Dreamers: How Young Indians Are Changing the World
- Author: Snigdha Poonam
- Language: English
- Subject: Social sciences
- Publisher: Harvard University Press, Hurst
- Publication date: 13 August 2018
- Publication place: India
- Pages: 264
- ISBN: 978-0674988170

= Dreamers: How Young Indians Are Changing the World =

2018 book by Snigdha Poonam

Dreamers: How Young Indians Are Changing the World is a 2018 nonfiction book by Indian journalist Snigdha Poonam, a writer for the Hindustan Times. In the book, Poonam examines the lives of young people in India, and the challenges facing millennials in the nation's rural villages.

==Background==
The book originated from Poonam's writings about the lives of young people in rural India as part of her work for the Hindustan Times. According to the author, the idea behind this book was initially to "go to a small town and pick 4–5 young people and talk to them about what they want". She began in her hometown of Ranchi and expanded to other nearby towns, spending four years researching the book.

==Synopsis==
The book is divided into three parts, each of which profiles three or four young adults in rural India, specifically in north and central India. Through their stories, Poonam highlights the practical problems facing young Indians today—including the fact that only 2.3% of the Indian workforce has formal skills training.

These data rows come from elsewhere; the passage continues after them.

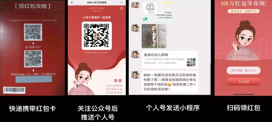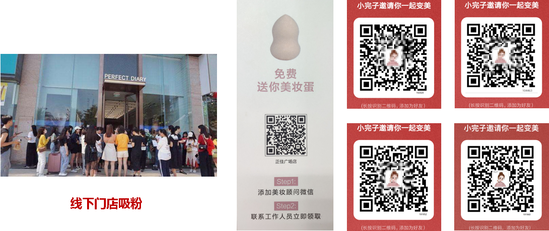 線下:這是好日記正佳店的活動,我們會發(fā)現(xiàn)好日記不僅僅在線上吸粉,在線下粉絲留存也做得非常好,他通過免費送化妝彩蛋,利用活碼將線下的粉絲留存到微信號里進行維護。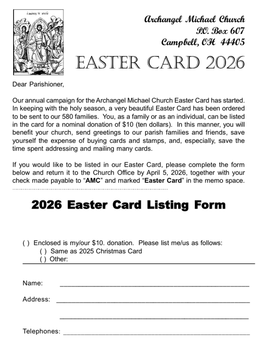 For information on our seasonal liturgical services please contact the Church office at 330-755-3596 between the hours of 9:00 AM - 3:00 PM, Monday through Friday. If you call outside of office hours, just press 4 to hear the calendar of services.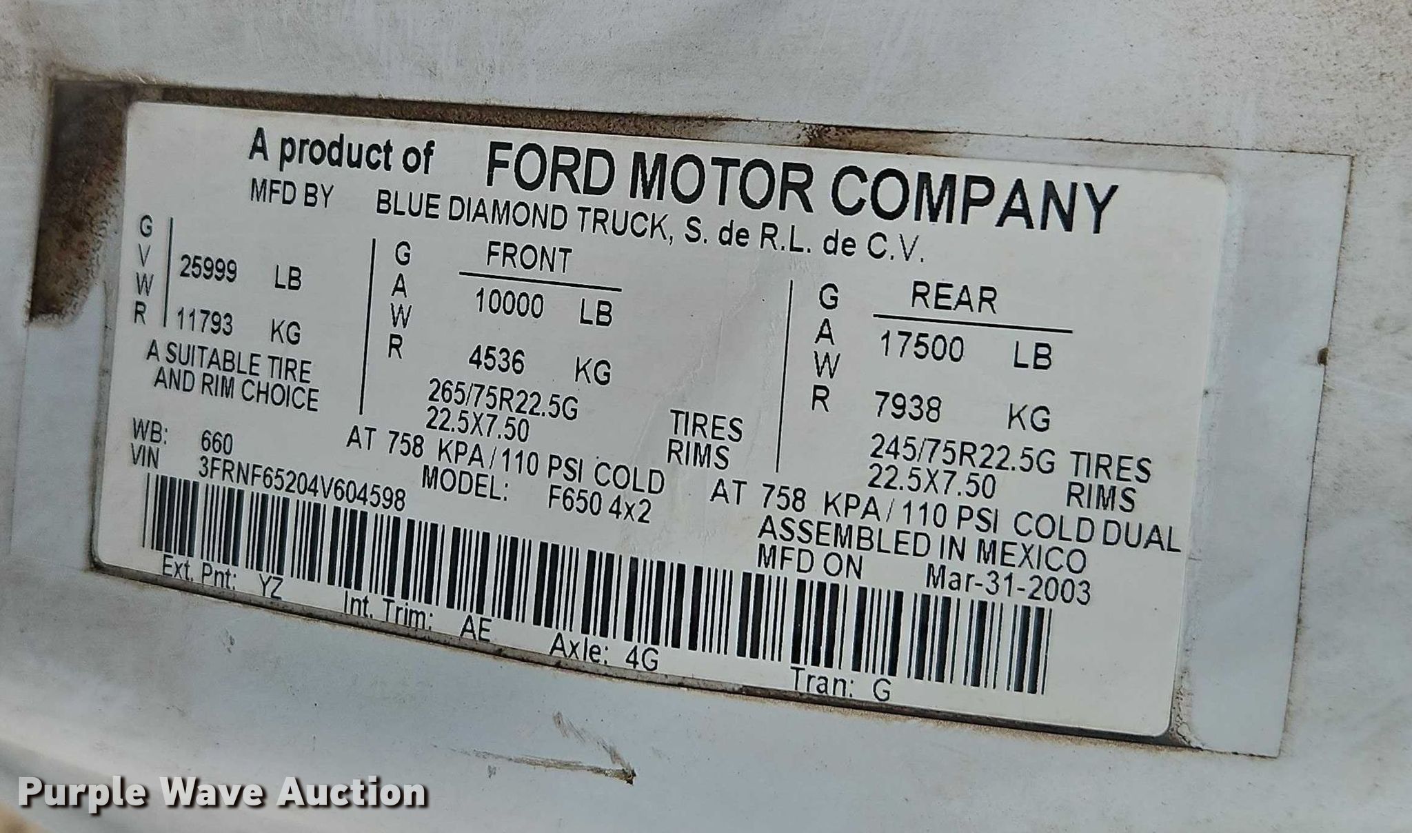 Take a look at this used 2004 Ford F650 truck cab and chassis being sold on March 5th, 2026 in the Thursday March 05 Truck and Trailer Auction made by Ford. Take a look at all of the item information below or take a look at similar auctions for Trucks.

The work opens with a passage about the editors of the website WittyFeed, based in the city of Indore. The Economist noted that throughout all the stories, Poonam "repeatedly finds the same mix of aspiration and anger".

==Reception==
The book received mostly positive reviews. The Financial Times described it as "wise, timely and, alas, deeply troubling". The Economist praised Poonam's writing, but highlighted the lack of statistical figures, writing, "But what 'Dreamers' lacks in citations of official data it makes up for through its Hindi-speaking author's ability to draw out her subjects' inner thoughts. The picture she paints is impressionistic".